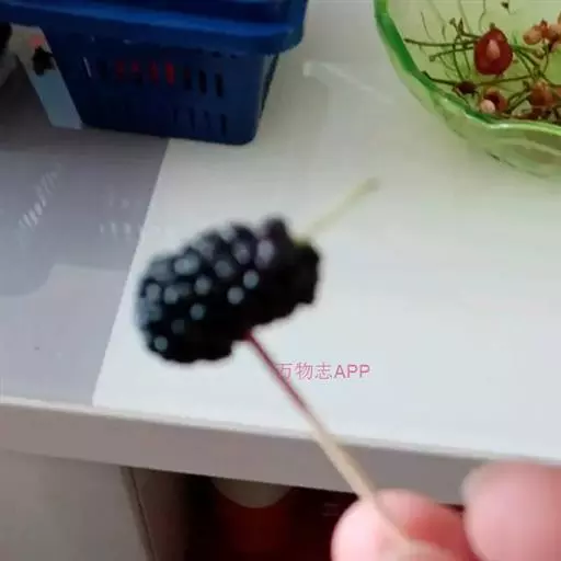 9、购买的时候要注意颗粒比较饱满,厚实,没有出水,比较坚挺的,是比较好的,红的桑葚会比较酸,所以紫色的最甜,表明已经成熟。
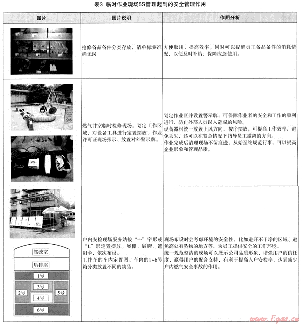 燃?xì)馄髽I(yè)是沒有“圍墻的工廠”,存在很多臨時(shí)作業(yè)場所。如:井室搶維修作業(yè)、戶內(nèi)安檢作業(yè)等。相對(duì)來說這些臨時(shí)性作業(yè)場所不穩(wěn)定因素較多,現(xiàn)場的安全控制更加重要。通過0HSAS18001我們可以識(shí)別了存在的風(fēng)險(xiǎn)、制定了安全措施和作業(yè)管理流程、以及應(yīng)急預(yù)案等,如果和5S現(xiàn)場定置管理結(jié)合起來,可以取得更好的成效。見表3:
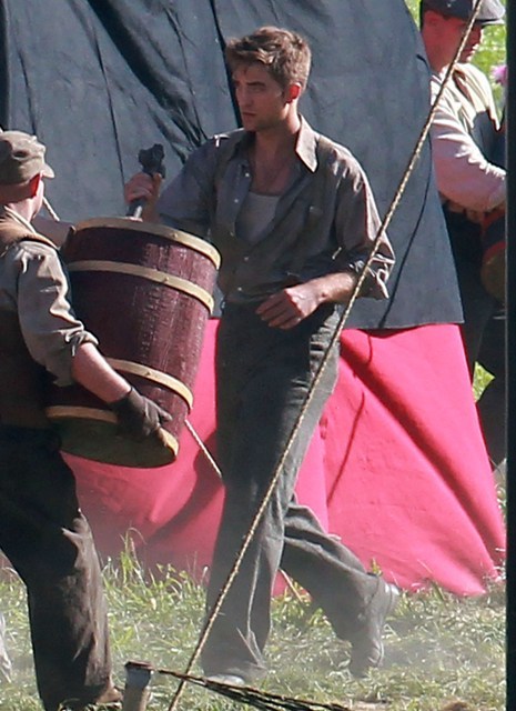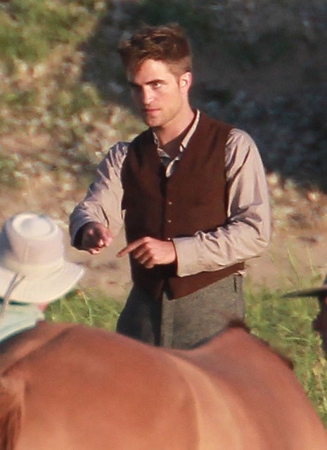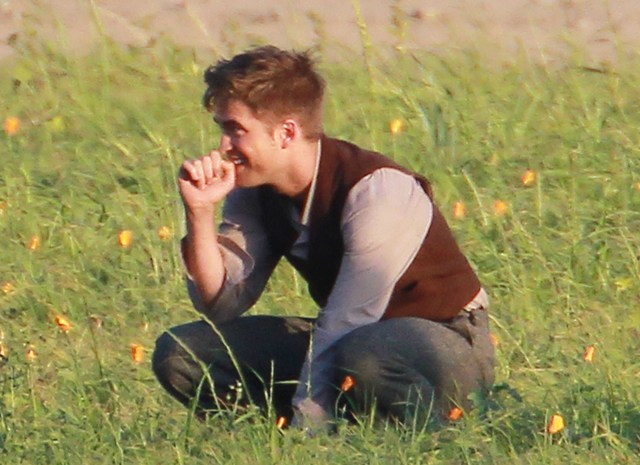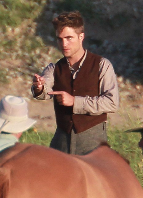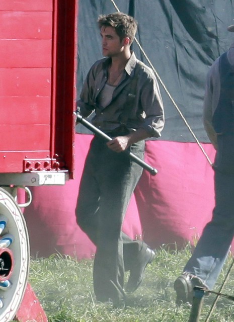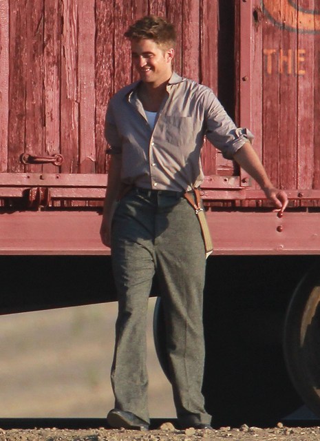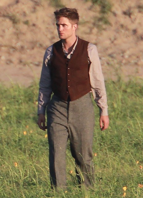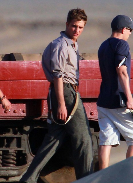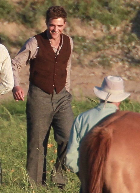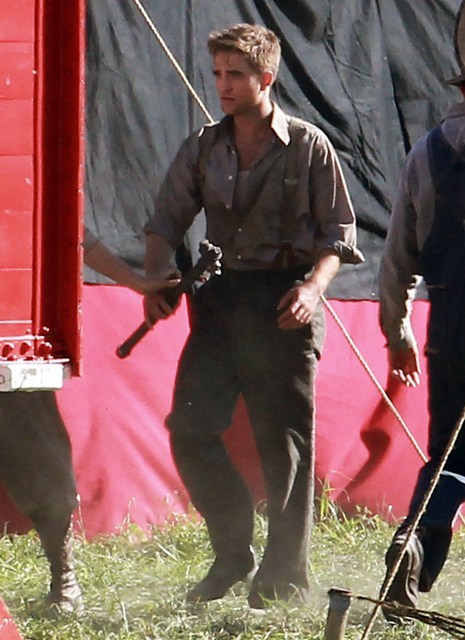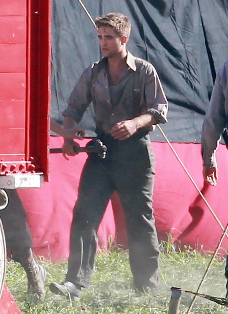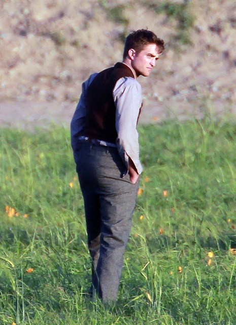 This new haircut however is very promising. And these photos of him on the set of Water for Elephants, with the apple cheeked glow of a long day’s work in the field, youthful and exuberant, without a trace of his cheese vampire limp dick, well now this I can come around to, even with those old fashioned pants accentuating his mothering hips.
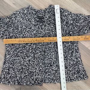 INC International Concepts Boucle Knit Crop Cardigan Sweater Black White
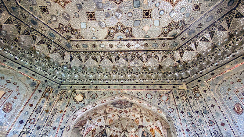 这座宫殿的墙上和天花板上装饰着数千块微小的镜子瓷砖。这些镜子瓷砖是从世界各地进口的,包括伊朗和欧洲。闪闪发光的镜子将光线反射到不同的方向,创造出令人惊叹的效果。
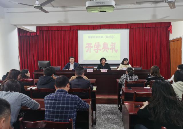 开学典礼由支委委员、副校长曾春明主持。上午9时,典礼在雄壮的国歌声中拉开帷幕。学校党支部书记,校长官群以“不忘初心 继续前进”为题,介绍了开大深厚的文化底蕴,学校辉煌的发展史;向学员传递了“人人皆学、处处能学、时时可学”的核心理念,希望大家处理好学习与工作家庭的关系,打破时空界限,掌握学习方法和技巧,灵活学习,并且代表全体教师表达了为学员竭心尽力提供全方位服务的决心,最后她表示,教育是改变命运的火种,开放大学愿做每一位追梦者的“云梯”。让我们以“开放”为名,共赴无限可能的理想之境!
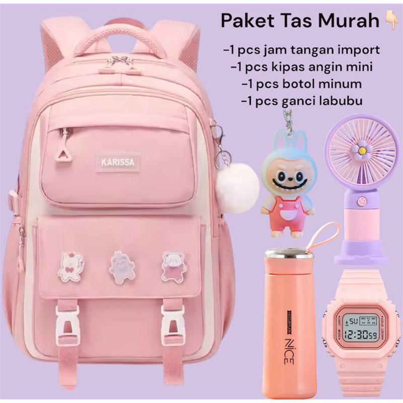 Tas Punggung Anak Sekolah Karisa polos Backpack multifungsi kedap air Fashion anak sd smp sma 2025
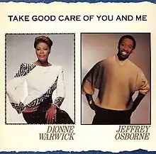 "Take Good Care of You and Me" is a duet by American singers Dionne Warwick and Jeffrey Osborne. It was written by Burt Bacharach, Carole Bayer Sager, and Gerry Goffin, while production was helmed by Bacharach and Bayer Sager. Initially recorded for Warwick's 1987 album Reservations for Two (1987), it was left unused in favor of their other duet "Love Power" and later served as the lead single from her compilation album Greatest Hits: 1979–1990 (1989). "Take Good Care of You and Me" peaked at number 25 on the US Adult Contemporary.[1]
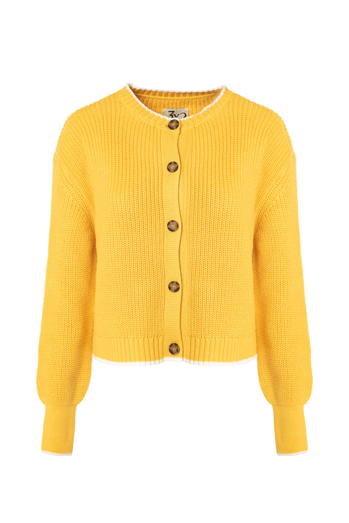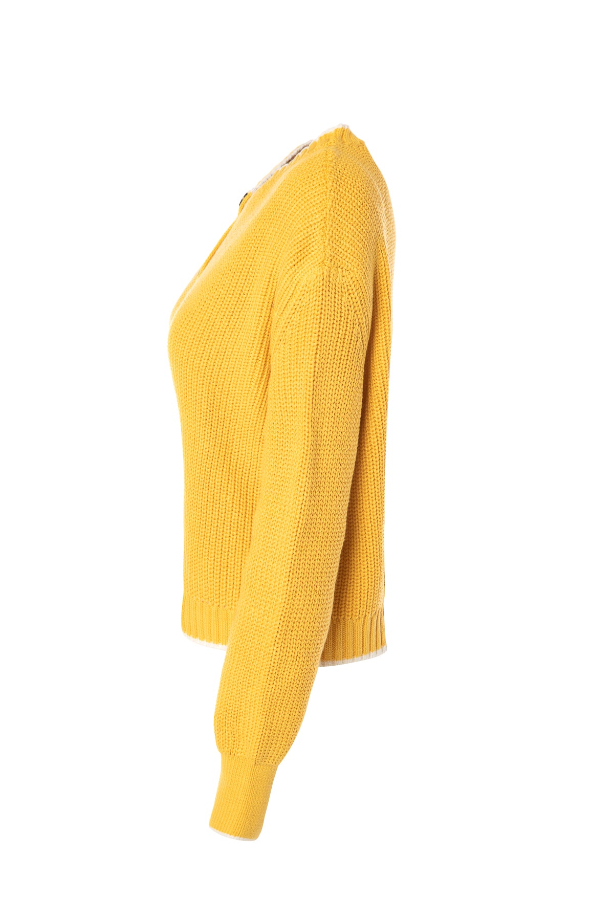 Sarı Bisiklet Yaka Pamuklu Hırka
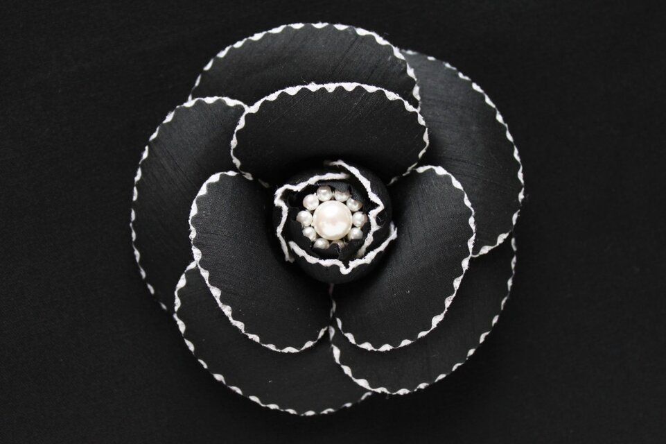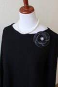 カメリア(つばき)の端正な輪かくを際立たせたコサージュです。ソフトな黒のシルクシャンタンを使用しています。中心にパールをあしらって華やかに仕上げました。

════════

(Work order): The records above need to be printed in full and exactly, without any of the pictures.

(Your response):
 9、购买的时候要注意颗粒比较饱满,厚实,没有出水,比较坚挺的,是比较好的,红的桑葚会比较酸,所以紫色的最甜,表明已经成熟。
 燃?xì)馄髽I(yè)是沒有“圍墻的工廠”,存在很多臨時(shí)作業(yè)場所。如:井室搶維修作業(yè)、戶內(nèi)安檢作業(yè)等。相對(duì)來說這些臨時(shí)性作業(yè)場所不穩(wěn)定因素較多,現(xiàn)場的安全控制更加重要。通過0HSAS18001我們可以識(shí)別了存在的風(fēng)險(xiǎn)、制定了安全措施和作業(yè)管理流程、以及應(yīng)急預(yù)案等,如果和5S現(xiàn)場定置管理結(jié)合起來,可以取得更好的成效。見表3:
 This new haircut however is very promising. And these photos of him on the set of Water for Elephants, with the apple cheeked glow of a long day’s work in the field, youthful and exuberant, without a trace of his cheese vampire limp dick, well now this I can come around to, even with those old fashioned pants accentuating his mothering hips.
 INC International Concepts Boucle Knit Crop Cardigan Sweater Black White
 这座宫殿的墙上和天花板上装饰着数千块微小的镜子瓷砖。这些镜子瓷砖是从世界各地进口的,包括伊朗和欧洲。闪闪发光的镜子将光线反射到不同的方向,创造出令人惊叹的效果。
 开学典礼由支委委员、副校长曾春明主持。上午9时,典礼在雄壮的国歌声中拉开帷幕。学校党支部书记,校长官群以“不忘初心 继续前进”为题,介绍了开大深厚的文化底蕴,学校辉煌的发展史;向学员传递了“人人皆学、处处能学、时时可学”的核心理念,希望大家处理好学习与工作家庭的关系,打破时空界限,掌握学习方法和技巧,灵活学习,并且代表全体教师表达了为学员竭心尽力提供全方位服务的决心,最后她表示,教育是改变命运的火种,开放大学愿做每一位追梦者的“云梯”。让我们以“开放”为名,共赴无限可能的理想之境!
 Tas Punggung Anak Sekolah Karisa polos Backpack multifungsi kedap air Fashion anak sd smp sma 2025
 "Take Good Care of You and Me" is a duet by American singers Dionne Warwick and Jeffrey Osborne. It was written by Burt Bacharach, Carole Bayer Sager, and Gerry Goffin, while production was helmed by Bacharach and Bayer Sager. Initially recorded for Warwick's 1987 album Reservations for Two (1987), it was left unused in favor of their other duet "Love Power" and later served as the lead single from her compilation album Greatest Hits: 1979–1990 (1989). "Take Good Care of You and Me" peaked at number 25 on the US Adult Contemporary.[1]
 Sarı Bisiklet Yaka Pamuklu Hırka
 カメリア(つばき)の端正な輪かくを際立たせたコサージュです。ソフトな黒のシルクシャンタンを使用しています。中心にパールをあしらって華やかに仕上げました。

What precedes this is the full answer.